К.И. Шарафадина
ДИСКУРС «ЦВЕТОЧНОГО НАРЕЧИЯ» В КУЛЬТУРНО-БЫТОВОЙ ПРАКТИКЕ И ПОЭЗИИ ВИКТОРИАНСКОЙ ЭПОХИ
Представлен подробный сравнительный анализ французской версии этикетных цветочных пособий и первых английских руководств (Г. Филипса, 1825 г., и Ф. Шобберла, 1834 г.). Автор приходит к выводу, что английские концепты цветочного языка отражают культурный менталитет Викторианской эпохи с ее пуританством и ханжеством. Оригинальная интерпретация тайнописных возможностей цветочного языка в английской поэзии этого времени представлена в статье на примере анализа сонетов Э.Б. Браунинг.
Викторианскую эпоху историки культуры справедливо считают последней стадией развития цветочного символизма в рамках европейской цивилизации (это убедительно доказывает, например, Беверли Ситон, автор англоязычной монографии «Язык цветов: история» [1]). В это время цветоводство, как и в эпоху Руссо, становится знаком приверженности к определенным общественным нормам, а обращение к символике цветов в быту и в литературе - модой времени. Как «справочник» цветочной символики выглядит небольшая поэма Ли Ханта «Цветы» (Leigh Hunt James Henry, 1784-1859). Герой подбирает себе достойную возлюбленную среди цветов, попутно поясняя их «репутации», продиктованные иносказательным фондом растений: примула - деревенская простушка, фиалка - монахиня, горошек (душистый) - кокетка, спешащая выйти замуж и «окольцовывающая» руки женихов, ракитник связан брачным контрактом с пчелой, угрюмый розмарин всегда оплакивает мертвых, щечки незабудки покрыты краской смущения (она такого низкого происхождения). Симпатии разборчивого жениха оказалась достойна только цветочная аристократка - «утонченная роза с ее нежно-розовыми щечками».
Принять своеобразную эстафету от Франции в развитии цветочного символизма Англии помогла ее давняя репутация по преимуществу сельской страны, приверженность к природному окружению в быту, обиходе. Благодаря Мильтону, Чосеру, Китсу и Шелли цветники английской поэзии были густо засажены как привычными для Англии растениями, так и экзотическими пришельцами. Преемственности принципов цветочного символизма от елизаветинской эпохи к викторианству могла помочь и известная географическая изолированность Англии. Но главную роль в приобретении цветочным кодом наиболее законченного вида сыграл английский консерватизм, ставший устойчивой приметой викторианства как образа жизни и национального менталитета.
О показательной «нерушимости» и неистребимости традиций Викторианской эпохи в некоторых сферах английского ритуализованного быта даже за ее историческими рамками свидетельствует такой штрих, имеющий непосредственное отношение к традициям цветочного символизма.

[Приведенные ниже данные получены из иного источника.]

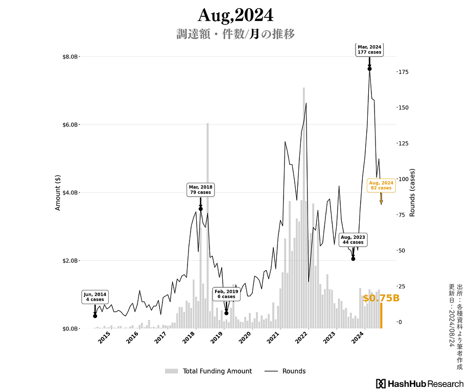 調査時点で観測している8月の投資ラウンド件数は計82件、公開情報に基づく調達額は約$0.75B(※非公開情報を含まない金額)の資金調達報告を確認しています。

Королева Виктория высадила в своем саду в 1840 г. мирт - символ супружества: национальная традиция предписывала этот ритуал девушке, готовящейся к браку, т. к. это растение должно было в будущем войти в свадебный букет. Если верить репортерам, в свадебном букете Дианы Спенсер, первой жены принца Чарльза, была веточка от мирта, посаженного Викторией.

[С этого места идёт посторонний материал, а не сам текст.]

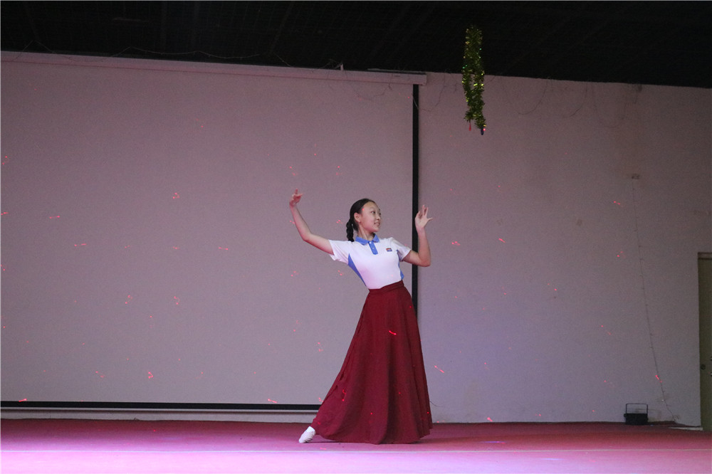12日晚,七八年级举行了军营联欢晚会,各班同学充分利用晚会舞台,以多样的形式展示自己的才华。

Но вернемся в 1837 г., когда британский трон перешел к восемнадцатилетней королеве Виктории. Ей пред-
стояло править страной 64 года, за которые сменили друг друга как минимум три поколения англичан. Стоит напомнить, что к истинным викторианцам принадлежат Шерлок Холмс Конан Дойла и мисс Марпл Агаты Кристи. В рамки эпохи уместилось как торжество, так и начало заката Англии как самой богатой и мощной колониальной державы XIX в. Но одно оставалось за это время почти неизменным - вошедший в пословицы викторианский стиль жизни. Это была эпоха полного торжества Культуры над Природой. Любому проявлению естественности общественное мнение выносило смертный приговор. «Стиснутая стальным корсетом приличий» викторианская Англия была сверхрепрессивна по отношению к слишком человеческому.

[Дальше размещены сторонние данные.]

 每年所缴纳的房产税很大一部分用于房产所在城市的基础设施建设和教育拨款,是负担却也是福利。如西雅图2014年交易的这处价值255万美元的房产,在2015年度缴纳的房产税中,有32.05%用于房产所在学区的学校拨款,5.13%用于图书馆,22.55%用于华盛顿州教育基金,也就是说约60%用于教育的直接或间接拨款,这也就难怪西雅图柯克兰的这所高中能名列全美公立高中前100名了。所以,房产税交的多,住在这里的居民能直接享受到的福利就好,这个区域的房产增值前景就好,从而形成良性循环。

В английской культуре не было места открытой чувственности, а уж тем более сексу. Даже для кабинетных роялей шили специальные чехлы-юбочки - чтобы скрыть от взоров посетителей гостиных хоть рояльные, но все же «ножки». Известно, что и книги было принято расставлять на книжных полках по принадлежности автора к сильной или слабой половине человечества: книгам писательниц неприлично было оказаться бок о бок с произведениями писателей-мужчин.
В литературу не допускались не то что изображения, но и невинные намеки на естественные проявления человеческой природы. Язвительный Набоков поделился с читателями «самым трогательным образчиком викторианского ханжества», который он обнаружил в старом английском переводе «Анны Карениной» «Вронский спрашивает Анну, что с ней. «Я beremenna» (курсив переводчика), - отвечает Анна, предоставляя иностранно -му читателю гадать, что за таинственная восточная болезнь поразила ее, а все потому, что, по мнению переводчика, беременность могла смутить иную невинную душу и лучше было написать русское слово латинскими буквами» [2. C. 389].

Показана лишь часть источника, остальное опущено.